It’s a funny way of describing death; drawing your mind to misplacing something, like keys or your wallet. It seems such a flippant comment for something that hits you when you are least expecting it, that creeps up on you and curls its cold fingers around your heart and envelopes you in grief. It’s one of those words that doesn’t even start to describe the crushing pain that you feel; the difficulty to catch your breath and the struggle to swing your legs and get out of bed in the morning. But it is what it is. My great-grandmother always used to say that you should be nice to everyone as you don’t know what private battle they are facing behind closed doors, and this couldn’t be truer with my friend and old workmate, Kay.

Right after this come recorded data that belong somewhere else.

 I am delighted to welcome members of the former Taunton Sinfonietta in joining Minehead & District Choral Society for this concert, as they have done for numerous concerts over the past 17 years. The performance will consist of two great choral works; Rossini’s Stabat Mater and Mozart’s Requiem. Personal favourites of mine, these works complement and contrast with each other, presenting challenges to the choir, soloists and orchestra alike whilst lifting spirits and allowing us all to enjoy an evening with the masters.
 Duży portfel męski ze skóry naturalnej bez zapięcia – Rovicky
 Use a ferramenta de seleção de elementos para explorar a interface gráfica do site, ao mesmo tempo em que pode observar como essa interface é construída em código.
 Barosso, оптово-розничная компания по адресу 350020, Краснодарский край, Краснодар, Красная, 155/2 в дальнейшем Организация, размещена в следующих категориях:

Today is the two year anniversary of the death of her baby girl Cara, and I wanted to give her the chance to share her story with you. There is an option at the bottom of the post to donate to a little girl called Madison Merrick, who was born with a rare birth defect. She has spent most of her life in hospital, just as Cara did. Madison and her mother Alana need to relocate to the UK for lifesaving surgery so she can go home, and be free to enjoy her childhood. Please dig deep.
Kay and Cara’s Story
Two years ago today was the worst day of my life. On the 17th April 2011, my daughter died.
We had been in the Intensive Care Unit for over 3 weeks and Cara had been sedated and kept alive by a ventilator for the whole of that time. I had last seen her open her eyes just over a week before when her Daddy and I had smiled at her. I had no idea it would be the last time.

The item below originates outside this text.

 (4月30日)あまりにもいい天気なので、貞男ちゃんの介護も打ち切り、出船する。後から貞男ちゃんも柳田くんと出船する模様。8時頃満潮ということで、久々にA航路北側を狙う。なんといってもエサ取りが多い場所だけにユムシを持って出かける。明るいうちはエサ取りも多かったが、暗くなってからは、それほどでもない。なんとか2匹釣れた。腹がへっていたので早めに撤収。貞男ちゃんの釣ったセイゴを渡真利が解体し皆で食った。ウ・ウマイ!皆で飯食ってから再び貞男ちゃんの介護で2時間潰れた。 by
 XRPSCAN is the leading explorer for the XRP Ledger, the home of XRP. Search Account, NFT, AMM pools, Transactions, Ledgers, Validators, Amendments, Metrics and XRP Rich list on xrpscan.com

I still replay those 24 hours in my head at least twice a day. The doctors had told us in the morning that Cara wasn’t going to recover as her lungs were too badly damaged and we agreed it would be best to let her go. I knew in my heart it was the right thing to do and that I had to be strong for my baby. My maternal instinct kicked in harder than it ever had before and I knew I had to help her leave this world.

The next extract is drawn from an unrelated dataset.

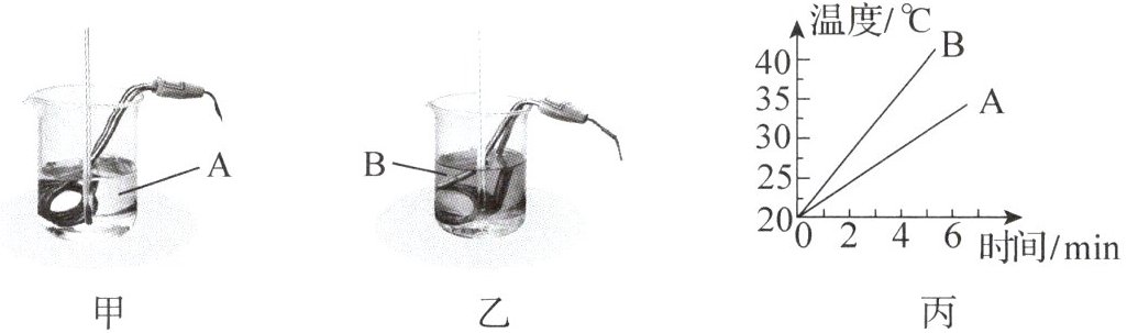 13. 为了探究不同物质的吸热情况与物质种类的关系,小强用两个规格相同的电加热器,分别给初温相同的 A、B 两种物质加热,实验装置如图甲、乙所示。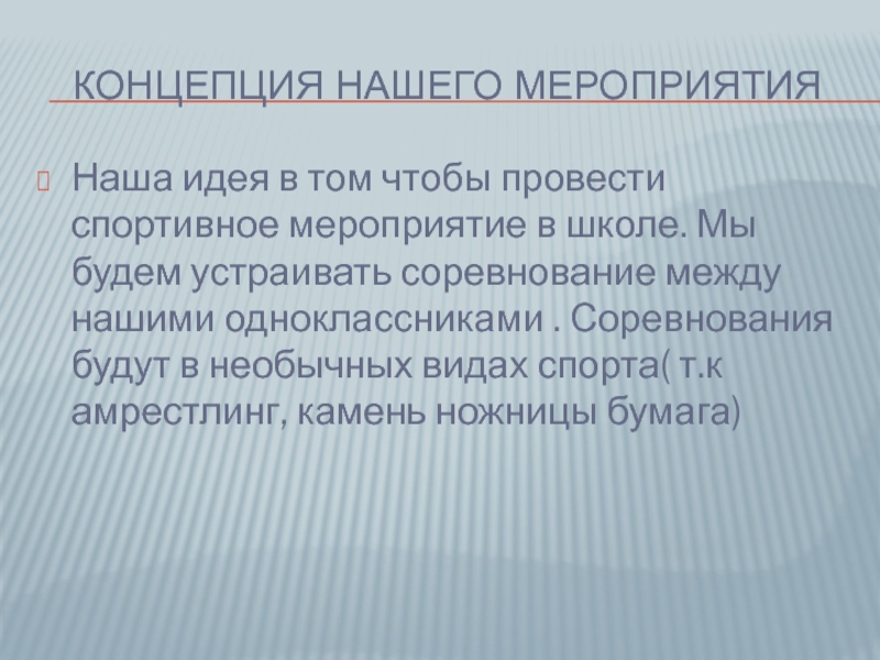 Концепция Нашего мероприятияНаша идея в том чтобы провести спортивное мероприятие в школе. Мы будем устраивать соревнование между

This wasn’t because she had suffered enough, because Cara was a fighter. She had fought so hard to stay with us, but I accepted that day that there was no hope for her and that fighting would no longer be an option. The doctors increased her medication so that there would be no pain and I washed her, changed her nappy, sang to her and wrapped my baby in her favourite blanket. Everyone she loved and who loved her got a chance to say goodbye, and then it was me, Cara and her Daddy left in the room, and he handed her to me.
I remember letting out a short gasp of ‘no’, and then the doctor removed her breathing tube. She took her last breath and my daughter was gone. I had no idea how I would go on.
That night when we got into bed I curled into my soon-to-be husband and sobbed loudly.
The next couple of weeks went by in a blur; I was a walking zombie, obsessed with small tasks – I shook uncontrollably and often struggled to string a sentence together. I busied myself with arrangements for the funeral and although I was dying inside I hid it well. I carried on with Cara as my motivation. She fought so hard for her life and I knew I had to keep fighting for mine.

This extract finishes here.